**RECORDS PROVIDED:**
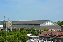 The New York State Drill Hall was designed by the official State Architect of New York, Lewis Pilcher.[2] It was built to provide military instruction to Cornell students, as required by Cornell's status as a land-grant institution.[2] Its drill shed originally contained 362 x 228 feet of open floor space, large enough to accommodate 1,000 men.[2] The building is made of local limestone with double trusses spaced 40 feet apart to support the roof.[2] The Architectural Record called the "splendid drill hall" a "notably modern achievement in American architecture."[2]
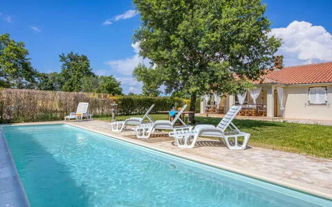 Belle maison individuelle "Frank Place". Dans le hameau de Mihatovići, à 4 km du centre de Poreč, situation ensoleillée, à 4 km de la mer, à 4 km de la plage. A usage privé: terrain 650 m2 (clôturé), jardin avec pelouse, piscine rectangulaire (10 x 3 m, profondeur 100 - 120 cm, 01.05.-30.09.) avec marches intérieures. Douche extérieure, meubles de jardin, barbecue, espace de jeux pour les enfants (toboggan, bac à sable). Infrastructures de la Maison: accès internet, lave-linge. Place de parking près de la maison sur le terrain. Magasins 1 km, supermarché 6 km, restaurant 800 m, plage de graviers 4 km, plage de rochers 4 km, plage aménagée 4 km. Centre équestre 6 km, chemins de randonnées pédestres depuis la maison 100 m, piste cyclable 150 m. Attractions à proximité: aquapark 9 km. Le propriétaire n'accepte pas les groupes de jeunes. Environnement très sensible au bruit. Silence et bonne tenue exigés. L'organisation de soirées n'est pas autorisée.
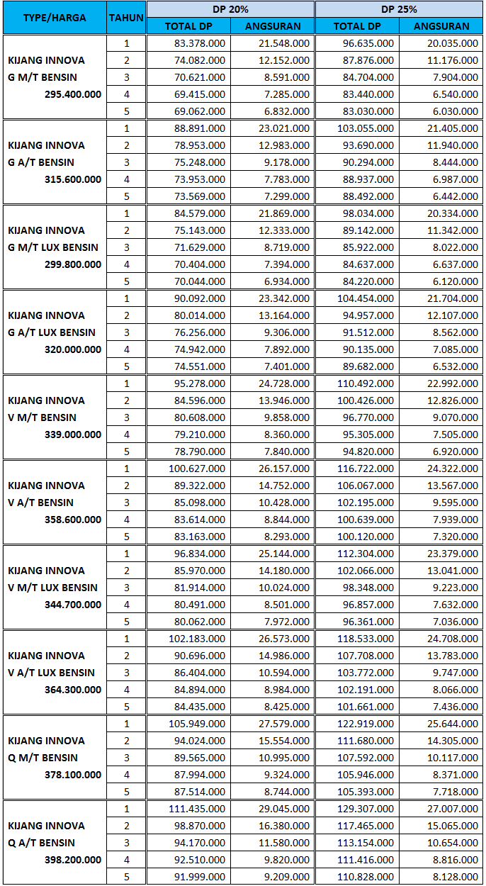Simulasi Kredit Toyota Innova - Promo DP Harga & Cicilan Murah - Cermati.com
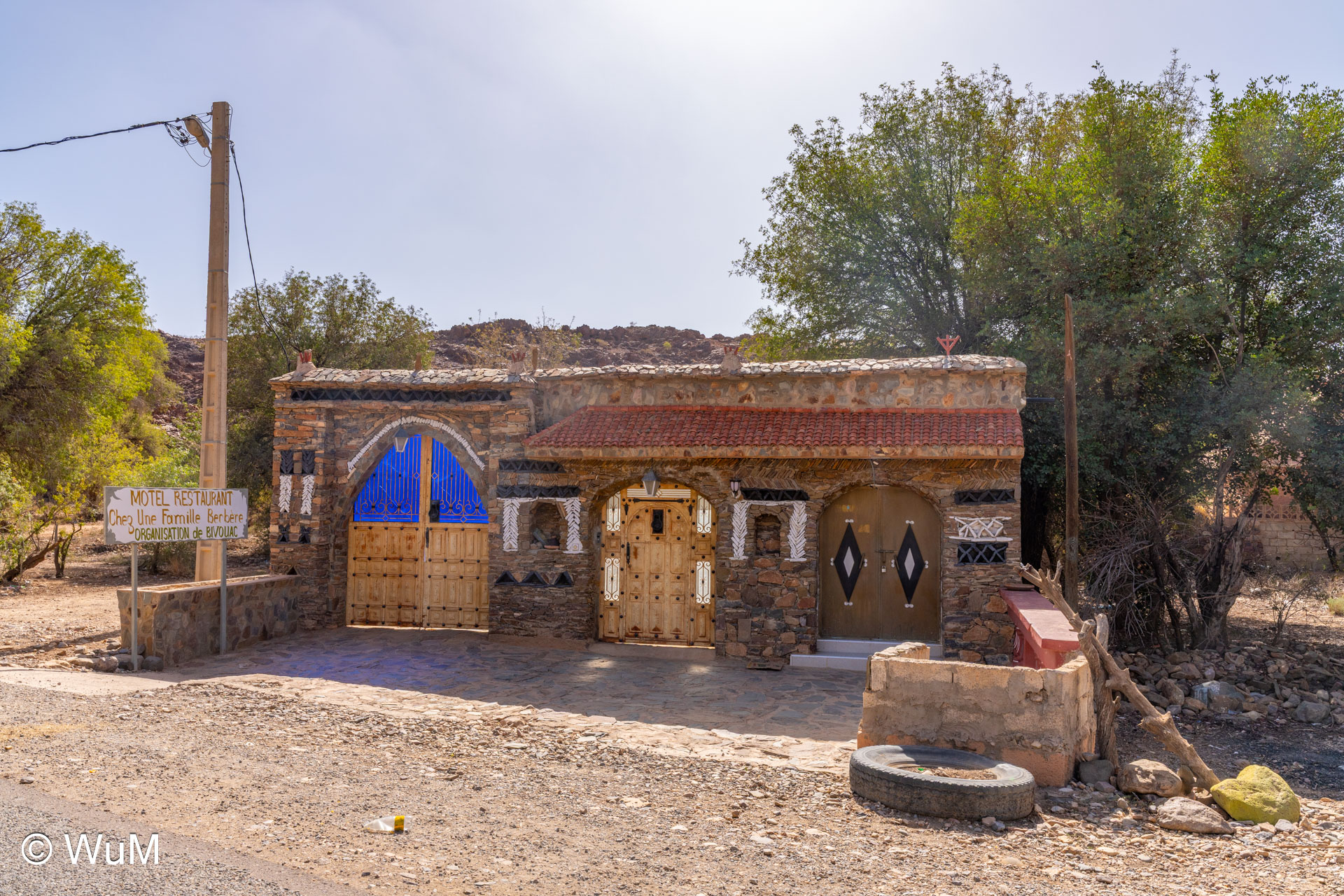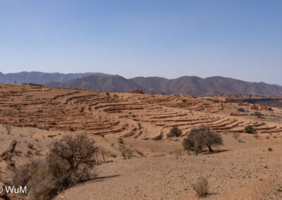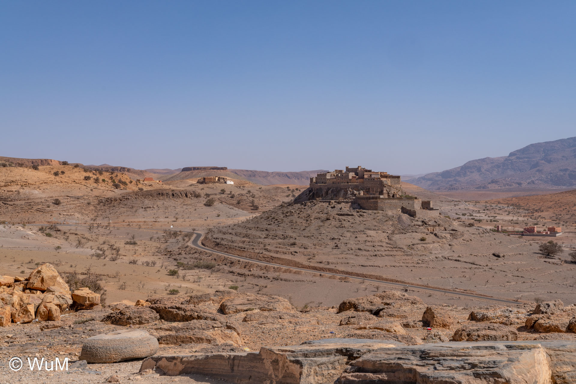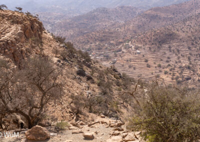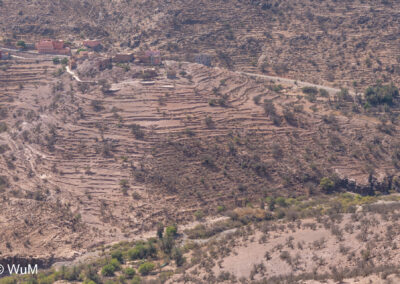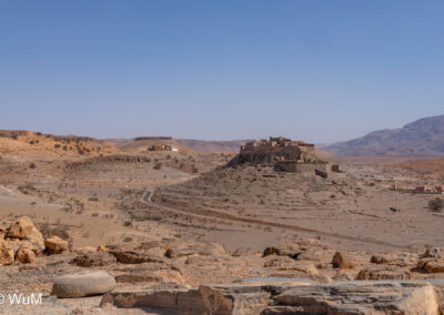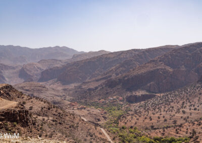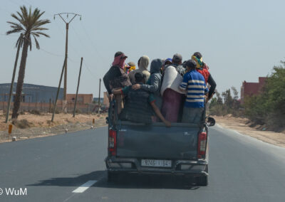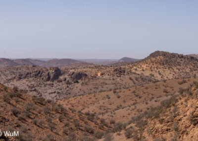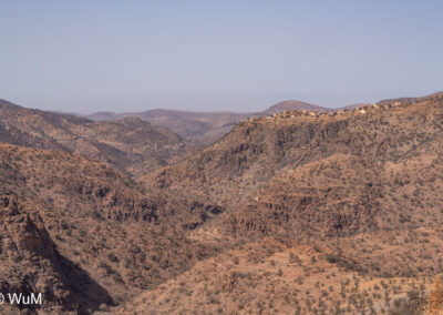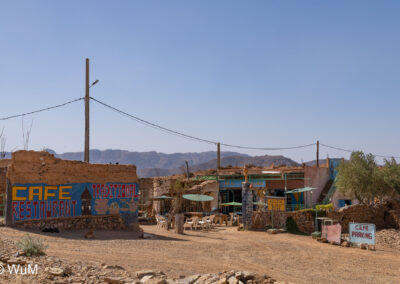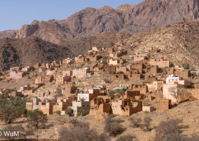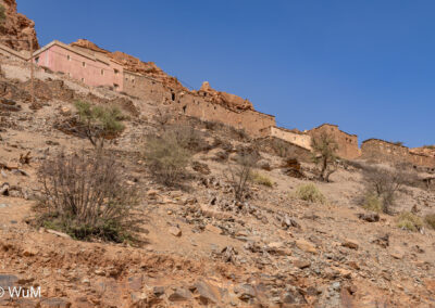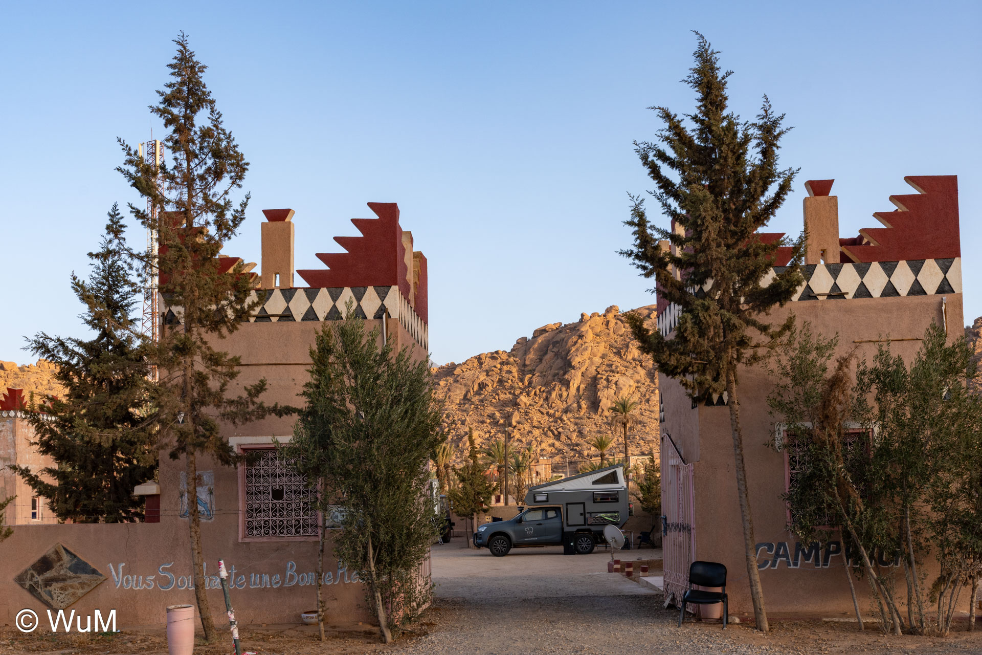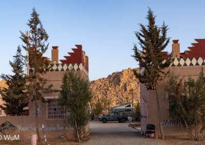 Am nächsten Tag um 10 Uhr sind die Reifen da und werden gleich montiert. Außerdem wird nocheinmal die Spur kontrolliert und fein justiert. Nach Mittag starten wir dann Richtung Tafraoute. Die Straße windet sich in unzähligen Kurven auf über 1.600 m Höhe hinauf. An den Berghängen sind immer wieder kleine Bergdörfer, in den Tälern sieht man hin und wieder Oasen. Auf 1.600 m haben wir noch immer 28 Grad! Auf dem kleinen aber feinen Campingplatz Granite Rose werden wir vom Besitzer auf Deutsch begrüßt.
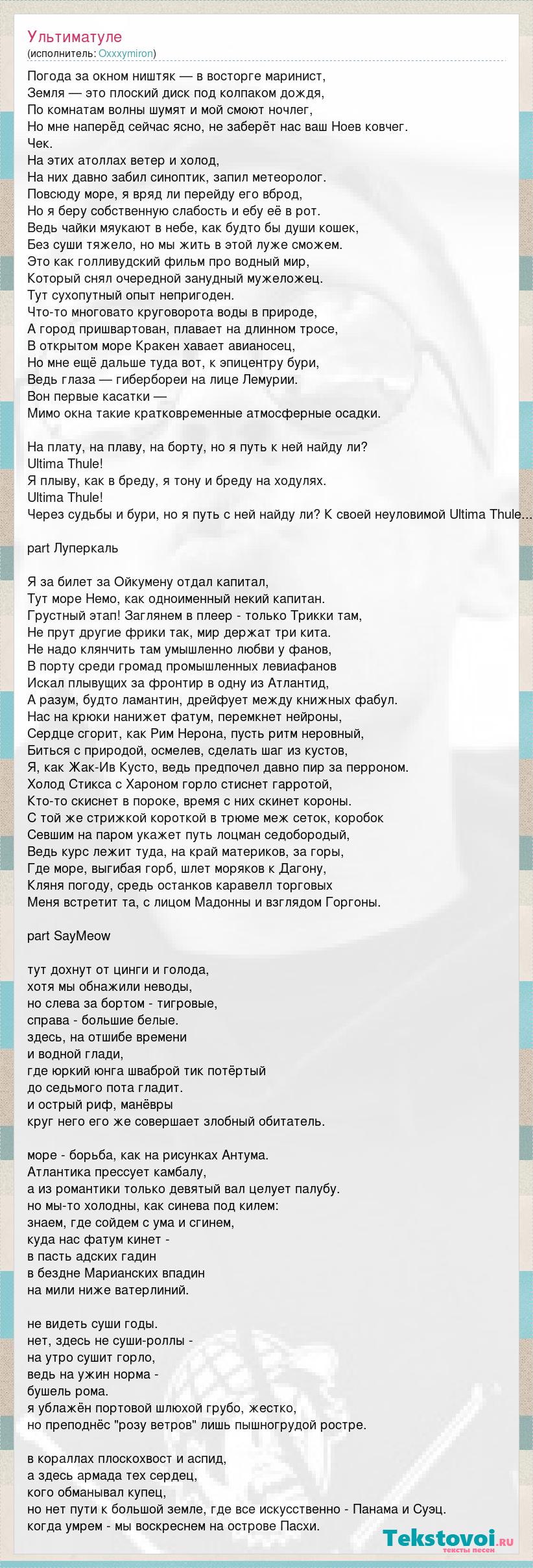 Погода за окном ништяк — в восторге маринист, Земля — это плоский диск под колпаком дождя, По комнатам волны шумят и мой смоют ночлег, Но мне наперёд сейчас ясно, не заберёт нас ваш Ноев ковчег. Чек. На этих атоллах ветер и холод, На них давно забил синоптик, запил метеоролог. Повсюду море, я вряд ли перейду его вброд, Но я беру собственную слабость и ебу её в рот. Ведь чайки мяукают в небе, как будто бы души кошек, Без суши тяжело, но мы жить в этой луже сможем. Это как голливудский фильм про водный мир, Который снял очередной занудный мужеложец. Тут сухопутный опыт непригоден. Что-то многовато круговорота воды в природе, А город пришвартован, плавает на длинном тросе, В открытом море Кракен хавает авианосец, Но мне ещё дальше туда вот, к эпицентру бури, Ведь глаза — гибербореи на лице Лемурии. Вон первые касатки — Мимо окна такие кратковременные атмосферные осадки. На плату, на плаву, на борту, но я путь к ней найду ли? Ultima Thule! Я плыву, как в бреду, я тону и бреду на ходулях. Ultima Thule! Через судьбы и бури, но я путь с ней найду ли? К своей неуловимой Ultima Thule... part Луперкаль Я за билет за Ойкумену отдал капитал, Тут море Немо, как одноименный некий капитан. Грустный этап! Заглянем в плеер - только Трикки там, Не прут другие фрики так, мир держат три кита. Не надо клянчить там умышленно любви у фанов, В порту среди громад промышленных левиафанов Искал плывущих за фронтир в одну из Атлантид, А разум, будто ламантин, дрейфует между книжных фабул. Нас на крюки нанижет фатум, перемкнет нейроны, Сердце сгорит, как Рим Нерона, пусть ритм неровный, Биться с природой, осмелев, сделать шаг из кустов, Я, как Жак-Ив Кусто, ведь предпочел давно пир за перроном. Холод Стикса с Хароном горло стиснет гарротой, Кто-то скиснет в пороке, время с них скинет короны. С той же стрижкой короткой в трюме меж сеток, коробок Севшим на паром укажет путь лоцман седобородый, Ведь курс лежит туда, на край материков, за горы, Где море, выгибая горб, шлет моряков к Дагону, Кляня погоду, средь останков каравелл торговых Меня встретит та, с лицом Мадонны и взглядом Горгоны. part SayMeow тут дохнут от цинги и голода, хотя мы обнажили неводы, но слева за бортом - тигровые, справа - большие белые. здесь, на отшибе времени и водной глади, где юркий юнга шваброй тик потёртый до седьмого пота гладит. и острый риф, манёвры круг него его же совершает злобный обитатель. море - борьба, как на рисунках Антума. Атлантика прессует камбалу, а из романтики только девятый вал целует палубу. но мы-то холодны, как синева под килем: знаем, где сойдем с ума и сгинем, куда нас фатум кинет - в пасть адских гадин в бездне Марианских впадин на мили ниже ватерлиний. не видеть суши годы. нет, здесь не суши-роллы - на утро сушит горло, ведь на ужин норма - бушель рома. я ублажён портовой шлюхой грубо, жестко, но преподнёс "розу ветров" лишь пышногрудой ростре. в кораллах плоскохвост и аспид, а здесь армада тех сердец, кого обманывал купец, но нет пути к большой земле, где все искусственно - Панама и Суэц. когда умрем - мы воскреснем на острове Пасхи.
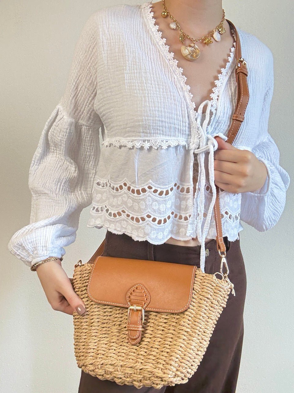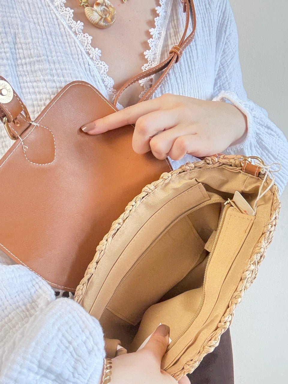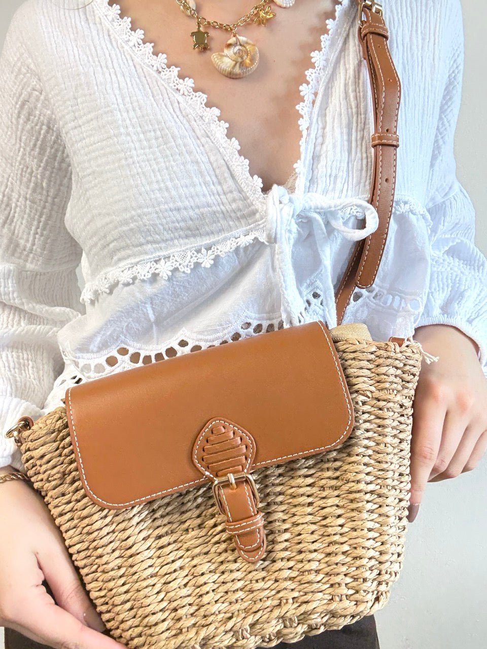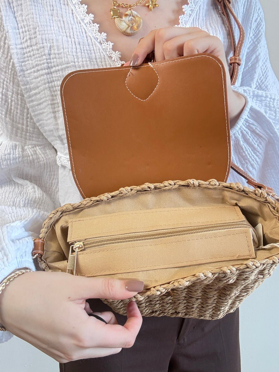 • Zauberhafte Korb Umhängetasche in geflochtener Optik
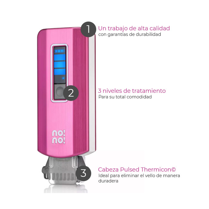 La Tecnología Patentada Thermicon® solo se puede encontrar en los productos no!no!® PRO. Esta tecnología usa los principios científicos de la transferencia térmica. Un calor suave se desplaza por la piel eliminando el vello incipiente, mientras que al mismo tiempo cristaliza la raíz para conseguir resultados duraderos. Su cabezal Thermicon® ha sido desarrollado para cumplir los más altos estándares de calidad y seguridad, que permiten a no!no!® PRO adaptar la tecnología profesional de eliminación del vello para un uso en casa seguro y efectivo.
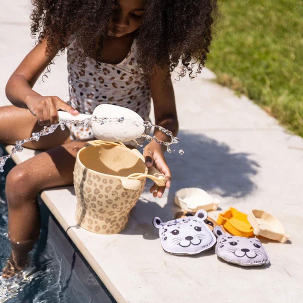 Plaj oyun seti bir kova, kürek ve 3 kalıp içerir Esnek silikon malzemeden üretilmiştir Suda kullanıma uygundur Plaj oyuncakları 12 x 9 cm ölçülerindedir
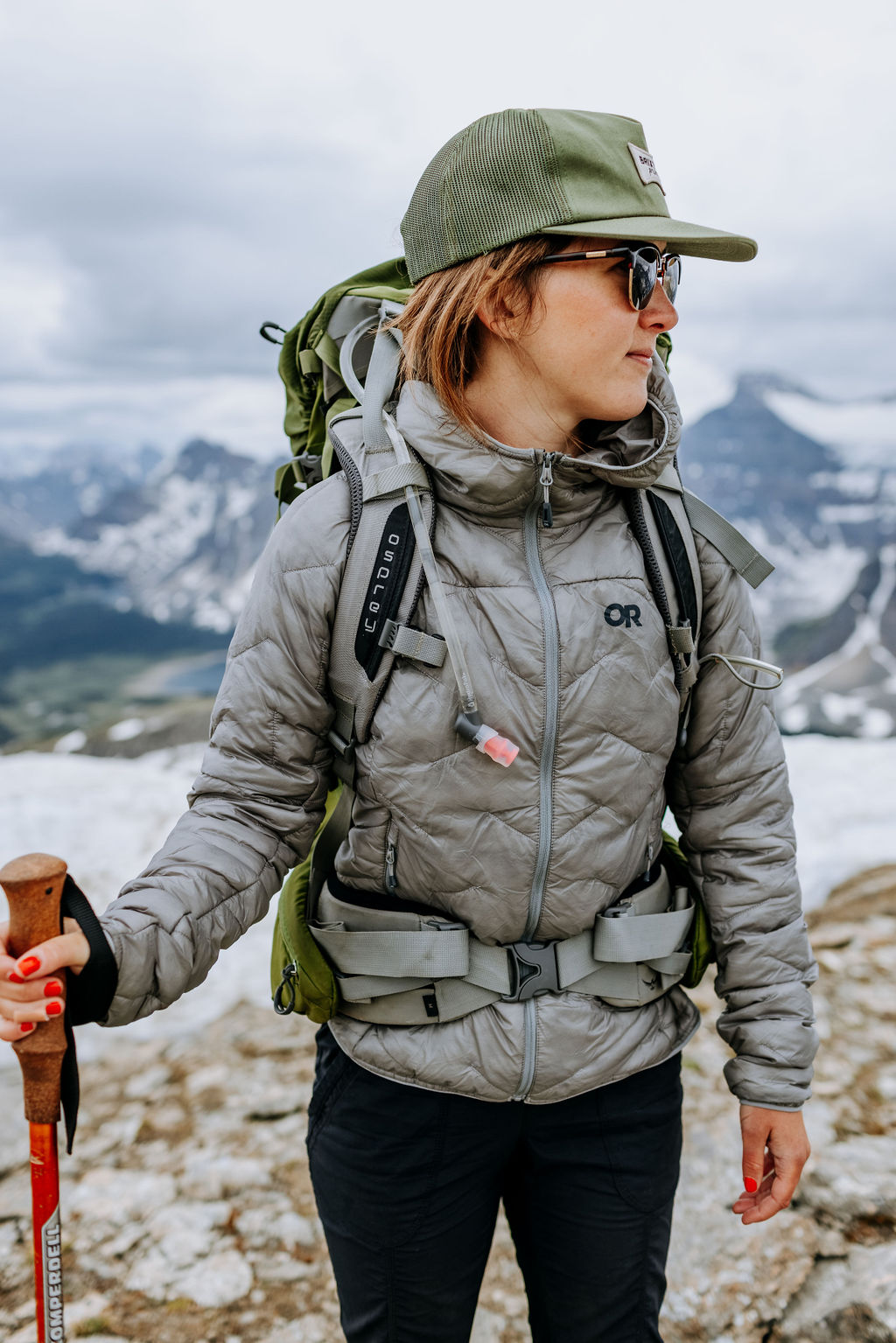 Outdoor Research succeeded in its quest for the ultimate lightweight synthetic jacket with a stellar warmth ratio—however, to truly achieve “four-season warmth” (at least, where I come from), the jacket should be used as a mid-layer and combined with a heavier puffy or shell. The 100 percent nylon 12D ripstop shell and lining feature a water-repellent coating meant for light moisture only—pack additional layers for the Pacific Northwest or other rainy locales. On warmer days, the interior nylon liner didn’t feel great on bare skin (I would go with my Arcteryx Atom LT Hoody if wearing a tank or sleeveless top). But it felt wonderful with anything long-sleeved underneath and kept me comfortable on chilly evenings at camp or while descending the windy Nub Peak in Assiniboine Provincial Park.
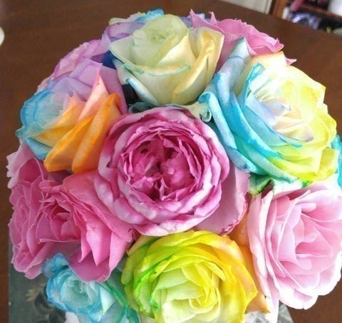 街のお花屋さんで虹色に染まった生花を見かけることがあります。
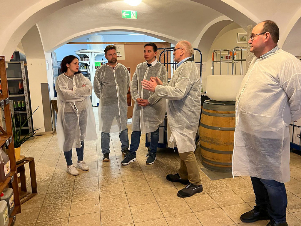 Beim Betriebsrundgang beeindruckten der seit 1950 bestehende „Essigbildner mit Buchenholzrollspäne“, die großen Holzfässer (aus oberösterreichischer Gebirgslärche) und V4A-Edelstahltanks, die Digitalisierung der Produktion, als auch die Produktvielfalt.

**DESCRIPTION OF THE TASK:**
Lines from the one containing "in geflochtener Optik" through the end of the material above must be reproduced exactly; pictures must not be.

**EXPECTED OUTPUT:**
 • Zauberhafte Korb Umhängetasche in geflochtener Optik
 La Tecnología Patentada Thermicon® solo se puede encontrar en los productos no!no!® PRO. Esta tecnología usa los principios científicos de la transferencia térmica. Un calor suave se desplaza por la piel eliminando el vello incipiente, mientras que al mismo tiempo cristaliza la raíz para conseguir resultados duraderos. Su cabezal Thermicon® ha sido desarrollado para cumplir los más altos estándares de calidad y seguridad, que permiten a no!no!® PRO adaptar la tecnología profesional de eliminación del vello para un uso en casa seguro y efectivo.
 Plaj oyun seti bir kova, kürek ve 3 kalıp içerir Esnek silikon malzemeden üretilmiştir Suda kullanıma uygundur Plaj oyuncakları 12 x 9 cm ölçülerindedir
 Outdoor Research succeeded in its quest for the ultimate lightweight synthetic jacket with a stellar warmth ratio—however, to truly achieve “four-season warmth” (at least, where I come from), the jacket should be used as a mid-layer and combined with a heavier puffy or shell. The 100 percent nylon 12D ripstop shell and lining feature a water-repellent coating meant for light moisture only—pack additional layers for the Pacific Northwest or other rainy locales. On warmer days, the interior nylon liner didn’t feel great on bare skin (I would go with my Arcteryx Atom LT Hoody if wearing a tank or sleeveless top). But it felt wonderful with anything long-sleeved underneath and kept me comfortable on chilly evenings at camp or while descending the windy Nub Peak in Assiniboine Provincial Park.
 街のお花屋さんで虹色に染まった生花を見かけることがあります。
 Beim Betriebsrundgang beeindruckten der seit 1950 bestehende „Essigbildner mit Buchenholzrollspäne“, die großen Holzfässer (aus oberösterreichischer Gebirgslärche) und V4A-Edelstahltanks, die Digitalisierung der Produktion, als auch die Produktvielfalt.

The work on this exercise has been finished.